### THE PROBLEM
In the records below, find the line holding "- 6. With its" and the line holding "This tattoo embodies". Set down both, with every line between them, exactly.

### LISTED ENTRIES
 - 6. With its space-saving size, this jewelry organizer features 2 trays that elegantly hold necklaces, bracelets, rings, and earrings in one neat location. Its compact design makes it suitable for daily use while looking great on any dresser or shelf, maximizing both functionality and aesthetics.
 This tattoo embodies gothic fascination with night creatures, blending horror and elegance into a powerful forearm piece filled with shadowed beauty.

==

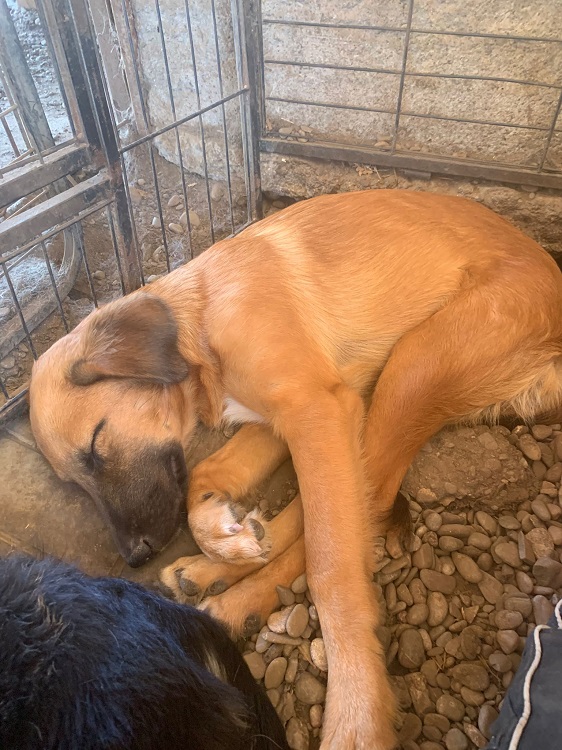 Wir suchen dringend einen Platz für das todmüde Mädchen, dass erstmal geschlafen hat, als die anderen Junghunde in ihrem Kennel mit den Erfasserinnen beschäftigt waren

==

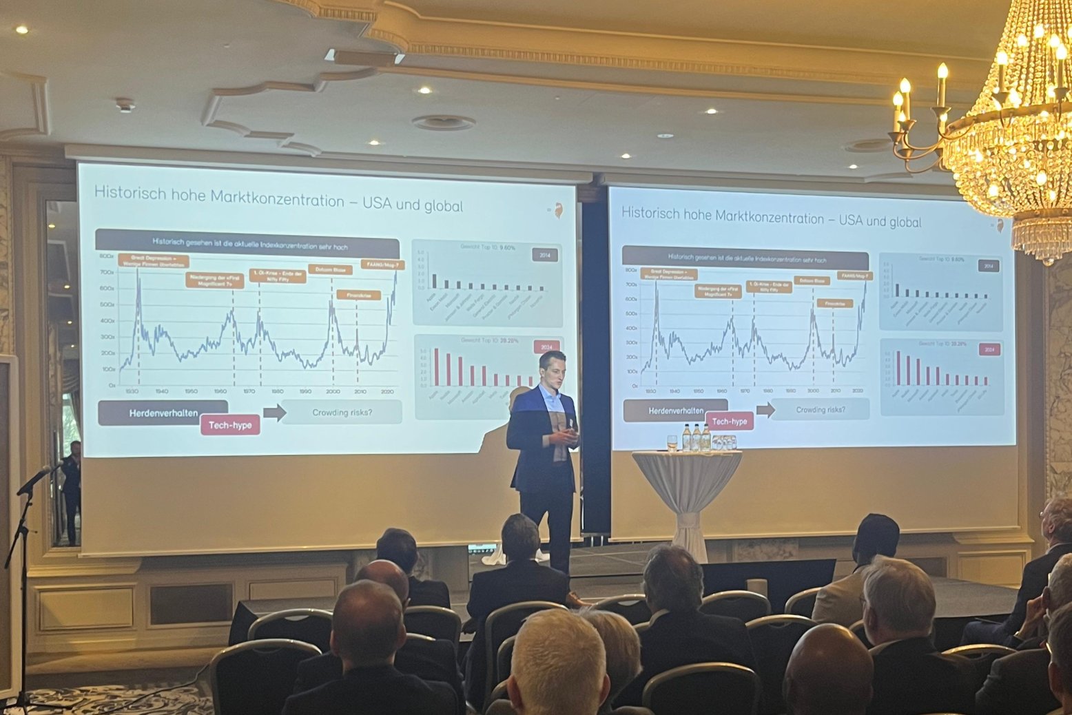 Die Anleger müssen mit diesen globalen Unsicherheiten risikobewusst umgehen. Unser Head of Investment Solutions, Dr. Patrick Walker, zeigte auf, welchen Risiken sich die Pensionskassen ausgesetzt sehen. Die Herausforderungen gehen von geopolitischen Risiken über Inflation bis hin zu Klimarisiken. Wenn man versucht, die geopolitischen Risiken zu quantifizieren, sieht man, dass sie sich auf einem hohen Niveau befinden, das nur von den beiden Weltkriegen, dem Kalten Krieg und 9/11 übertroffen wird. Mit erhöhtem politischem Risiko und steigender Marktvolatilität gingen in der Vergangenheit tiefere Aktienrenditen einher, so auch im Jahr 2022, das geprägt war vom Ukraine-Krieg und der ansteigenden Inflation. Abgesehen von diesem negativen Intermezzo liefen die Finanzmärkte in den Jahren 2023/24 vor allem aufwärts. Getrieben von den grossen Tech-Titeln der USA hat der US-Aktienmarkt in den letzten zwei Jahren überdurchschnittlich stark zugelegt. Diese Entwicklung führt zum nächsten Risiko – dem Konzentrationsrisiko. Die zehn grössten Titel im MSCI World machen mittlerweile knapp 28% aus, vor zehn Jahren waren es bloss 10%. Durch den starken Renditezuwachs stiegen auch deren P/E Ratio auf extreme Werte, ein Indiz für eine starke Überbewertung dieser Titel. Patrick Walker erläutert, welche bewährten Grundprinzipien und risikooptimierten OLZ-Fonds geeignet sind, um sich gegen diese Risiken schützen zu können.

### ANSWER SECTION
 - 6. With its space-saving size, this jewelry organizer features 2 trays that elegantly hold necklaces, bracelets, rings, and earrings in one neat location. Its compact design makes it suitable for daily use while looking great on any dresser or shelf, maximizing both functionality and aesthetics.
 This tattoo embodies gothic fascination with night creatures, blending horror and elegance into a powerful forearm piece filled with shadowed beauty.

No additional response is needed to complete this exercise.